Wise men across history have rightly emphasised the need for travel — especially how it enlightens the understanding of a person about the ways of those living outside their social and belief systems; and how this infuses in us an instinctive realisation about the importance of things like plurality and tolerance; and how tiny, rigid and delusional really is the world of an isolationist.

Of course, over the past many years, it hasn’t been easy for a lot of Pakistanis to acquire visas to a number of countries. Also, the economics has made it tough for most Pakistanis to even think about taking a vacation abroad. This is a cause for concern. I say this because the moment you step into another country, you begin to realise that life can be lived without constantly contemplating the fate of a government or the status of one’s religious beliefs. It happens to me every time I travel.

The realisation is always about how small and stressed our world has become. We work and then come back and watch or talk politics or religion, and nothing else besides. This can’t be right. The human mind is far too vast to only be cramped with cyclic political gossip (mistaken as political analysis and news), or with the constant, obsessive lashings of faith.

Raise your head out of your one-dimensionally contemplative navels, and you will notice how fast things like music, literature, sport, theatre, et al, are vanishing from our list of things to do and enjoy in Pakistan. There is no doubt about the gigantic economic and political problems we as a nation face. But think about it. Go through histories of some of the most powerful reform movements and revolutions and it is clear that none of these were complete without hefty cultural contributions made to these movements by poets, playwrights, musicians, painters, even sportsmen/women.

Our whole perspective on life, or more so, about what needs to be done has unfortunately shrunk to such an extent that all we are left with is a constant need to make lofty moral and faith-based judgments and denunciations, believing that ‘positive’ change can only come through ‘danda’, militaristic politics, or some impalpable form of religious order.

That’s all we talk about now. Faith and what gets passed these days as politics. Everything else has become unessential. It seems all of us have become myopic political animals with a narrow understanding of politics, something which now colours our understanding of the faith as well. We’ve forgotten where politics ends and faith begins.

We crave for reform, change and sometimes even revolution, and yet we have failed to understand that religion and politics alone can’t achieve these. And if and when they do, such a change or revolution will lack sympathy or admiration of what makes a civilisation thrive as an enlightened, cultured people.

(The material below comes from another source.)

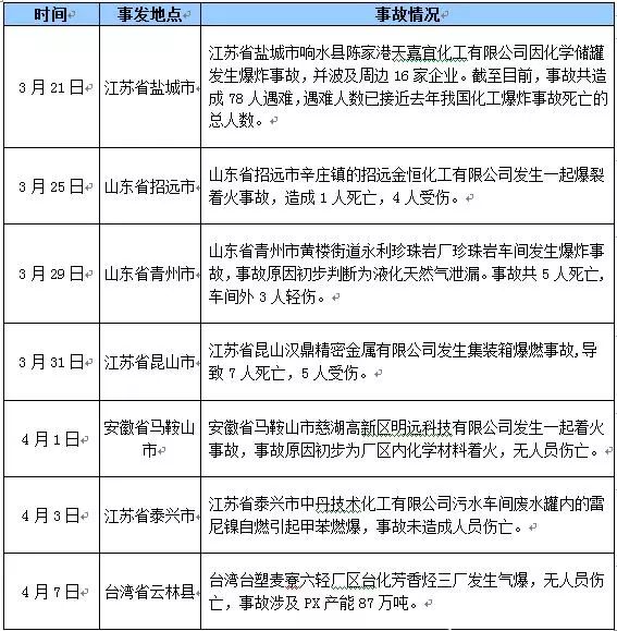 “3·21”特別重大爆炸事故發(fā)生以后,安全事故并沒有由此停歇,并再度頻繁上演。接連的爆炸事件引起政府和群眾的高度重視,事故發(fā)生后全國在化工領(lǐng)域開展危化品密集式排查,化工行業(yè)整治力度再上臺階。作為本輪事故多發(fā)地的江蘇省,亦于4月1日出臺史上最嚴(yán)的整治方案:要求到2020年底,江蘇省化工生產(chǎn)企業(yè)數(shù)量減少到2000家,到2022年,全省化工生產(chǎn)企業(yè)數(shù)量不超過1000家。4月5日,江蘇鹽城決定徹底關(guān)閉響水化工園區(qū),鹽城這一舉措,外界認(rèn)為無疑于是“壯士斷腕”。

Whenever I travel now, I look forward to meeting people who are not always judging me through their religious biases or figuring out where I stand politically. That can be a problem if you are a Pakistani, though. Because then all they want to talk to you about is Islam. But I don’t. I want to talk about music, sports, food, drink and art — subjects one rarely gets to talk about in Pakistan these days.

So what do I do? Let them call me an Indian? Sure, but then all they want to talk about is Bollywood and the IT! Don’t know much about that, I’m afraid. So this time when I went travelling, I decided to introduce myself as a citizen of Surinam!

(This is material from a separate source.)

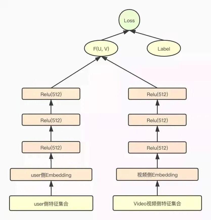 爱奇艺团队也是选择了目前主流的双塔DNN模型作为粗排模型。用户侧和Item侧分别构建三层全联接DNN模型,最后分别输出一个多维(512)的embedding向量,作为用户侧和视频侧的低维表征。粗排双塔DNN模型如下图所示:
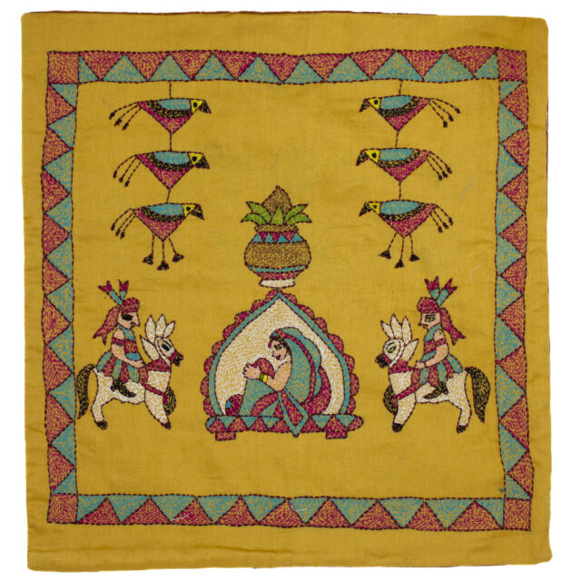 Folk Procession Sujni Handmade Cushion Cover

I got this idea way back in 2003, when, while travelling across Europe I got talking to an Indian taxi driver. From English he swiftly switched to Hindi when I told him that I was from Pakistan. I asked him from where in India he was, and he shocked me by saying that he wasn’t from India at all. ‘I am from Surinam!’ he proudly announced.

As it turns out, Surinam, a small country in the Caribbean, has a huge Indian population. So this time that’s what I told people: I was from Surinam. And lo and behold, I got what I wanted — lots of discussions about fishing, hurricanes, beaches and drinks. Absolutely nothing on religion or politics. A fantastic time I had.